Sends: one convolution reverb, one Delay, and one Echo. Full-Chain Master on the mixdown.

Title from the way that thorium-treated lenses will darken over time.

While busy weeks are common now, this one was notably busy. But here's a track anyway. I had kind of a dub idea in mind, thinking of space and interplay...which I kind of got away from, but perhaps not unlistenably.

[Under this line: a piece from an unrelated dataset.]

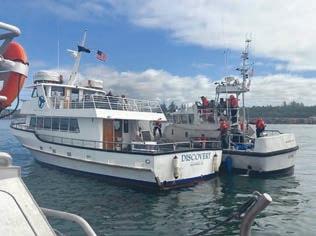 Once on scene, the rescue crews placed the Discovery into a side tow. They transited

Drums: Ableton's Borella kit, with Drum Buss, little tiny synth noises from the Ableton DrumSynth kit, and hand claps with Impulse. Epi P-J bass, and Epi Moderne guitar (through Vox Wah). Operator for the organ part. I tracked some fretless guitar that I didn't end up using...but the fretless will probably reappear soon.

Sends: two convolution reverbs, one Delay, and one Echo.

Title from the etymology of this week's element, actinium.